Kosovo: Mitrovica calm after Monday demos

22 February 2000

UNHCR staff in Mitrovica report that the northern Kosovo city is calm, and was also calm overnight following the demonstrations Monday. The demonstrators left the city streets at about 7.30 pm.

Much of Monday's demonstration took place in a peaceful manner, though tear-gas was used to keep demonstrators from crossing the bridges in the divided city. KFOR reports that house-searches that began on Sunday are continuing today.

On an emergency basis, KFOR is doing food distribution in the north in some areas to families who report that they don't feel safe to leave their apartments to reach central distribution points. Some minority residents in the north report that in addition to a lack of freedom of movement even to go out and buy bread they haven't had electricity, which seems to have been purposefully shut-off in some areas. UNHCR is looking into these reports and working to ensure that minority residents in the community are not being targeted by electricity cuts.

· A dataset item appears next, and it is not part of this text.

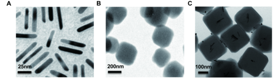 图2. 透射电镜图 A)GNRs;B)ZIF-8;C)GNRs@JF/ZIF-8

Some 1,600 arrivals from north Mitrovica have been registered to date. The actual number of arrivals from the north side of the Ibar river could be as high as 2,000 persons, mostly Kosovo Albanians. Most of these arrivals from the north are being accommodated by relatives and friends in the south. Before the violence erupted on 3 February, the entire Kosovo Albanian population of northern Mitrovica and the surrounding area was estimated at around 4,500. 2,500 Kosovo Albanians were believed to live in city limits of the north side of Mitrovica. Today, the number of Kosovo Albanians remaining on the north side of Mitrovica could thus be well under 1,000 persons, perhaps as low as 500.